__What is being asked__:
Images are not part of the copy; transcribe all the data exactly.

__Data extract__:
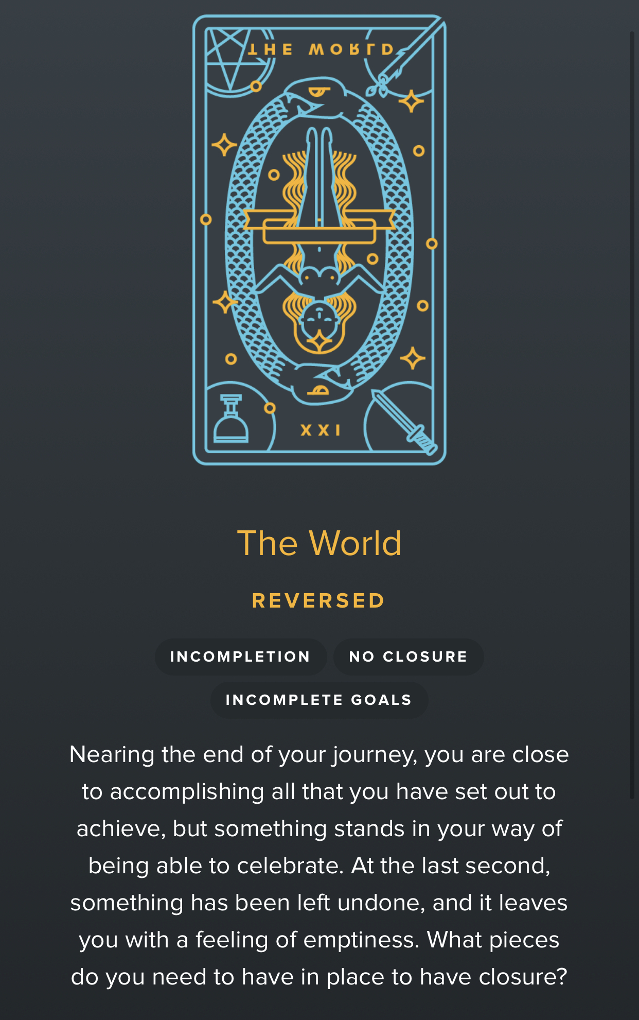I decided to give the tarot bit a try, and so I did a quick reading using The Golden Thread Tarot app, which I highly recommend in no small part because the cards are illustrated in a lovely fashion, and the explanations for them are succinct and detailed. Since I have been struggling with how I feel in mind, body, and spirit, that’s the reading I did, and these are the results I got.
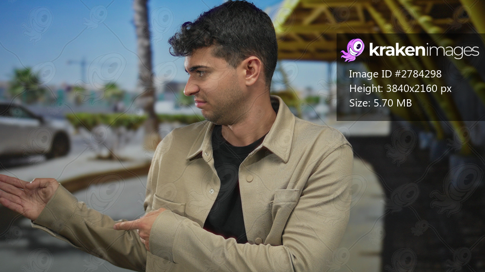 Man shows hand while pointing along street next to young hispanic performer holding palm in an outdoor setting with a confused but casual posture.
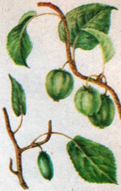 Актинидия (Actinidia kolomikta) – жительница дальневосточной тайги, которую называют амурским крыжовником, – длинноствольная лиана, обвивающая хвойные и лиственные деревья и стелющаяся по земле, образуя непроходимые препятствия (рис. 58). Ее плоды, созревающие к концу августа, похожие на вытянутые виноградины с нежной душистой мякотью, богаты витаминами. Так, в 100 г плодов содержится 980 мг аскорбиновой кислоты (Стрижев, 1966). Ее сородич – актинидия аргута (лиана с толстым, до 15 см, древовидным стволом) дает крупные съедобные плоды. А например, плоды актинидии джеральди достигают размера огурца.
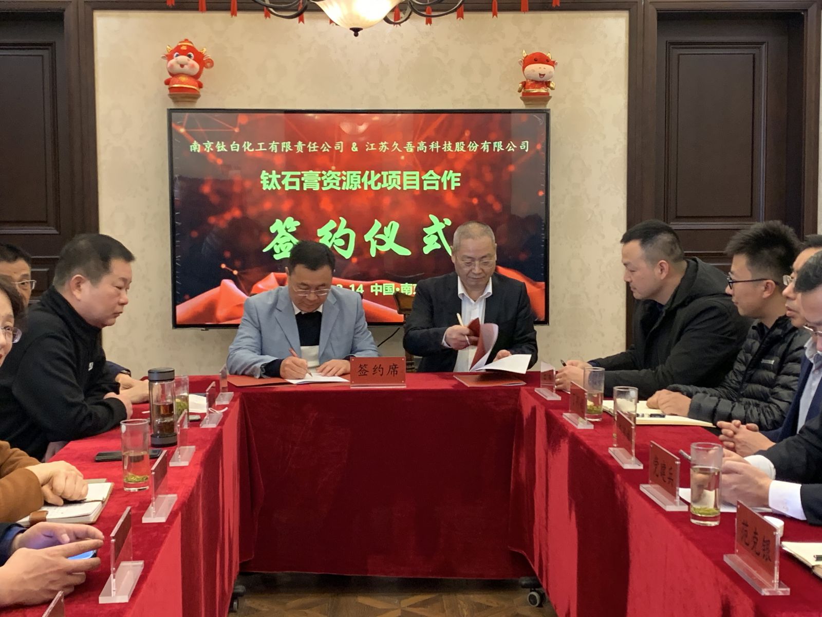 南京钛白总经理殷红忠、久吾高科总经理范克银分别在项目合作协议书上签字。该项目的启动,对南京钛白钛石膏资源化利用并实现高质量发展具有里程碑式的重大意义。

__Your response__:
I decided to give the tarot bit a try, and so I did a quick reading using The Golden Thread Tarot app, which I highly recommend in no small part because the cards are illustrated in a lovely fashion, and the explanations for them are succinct and detailed. Since I have been struggling with how I feel in mind, body, and spirit, that’s the reading I did, and these are the results I got.
 Man shows hand while pointing along street next to young hispanic performer holding palm in an outdoor setting with a confused but casual posture.
 Актинидия (Actinidia kolomikta) – жительница дальневосточной тайги, которую называют амурским крыжовником, – длинноствольная лиана, обвивающая хвойные и лиственные деревья и стелющаяся по земле, образуя непроходимые препятствия (рис. 58). Ее плоды, созревающие к концу августа, похожие на вытянутые виноградины с нежной душистой мякотью, богаты витаминами. Так, в 100 г плодов содержится 980 мг аскорбиновой кислоты (Стрижев, 1966). Ее сородич – актинидия аргута (лиана с толстым, до 15 см, древовидным стволом) дает крупные съедобные плоды. А например, плоды актинидии джеральди достигают размера огурца.
 南京钛白总经理殷红忠、久吾高科总经理范克银分别在项目合作协议书上签字。该项目的启动,对南京钛白钛石膏资源化利用并实现高质量发展具有里程碑式的重大意义。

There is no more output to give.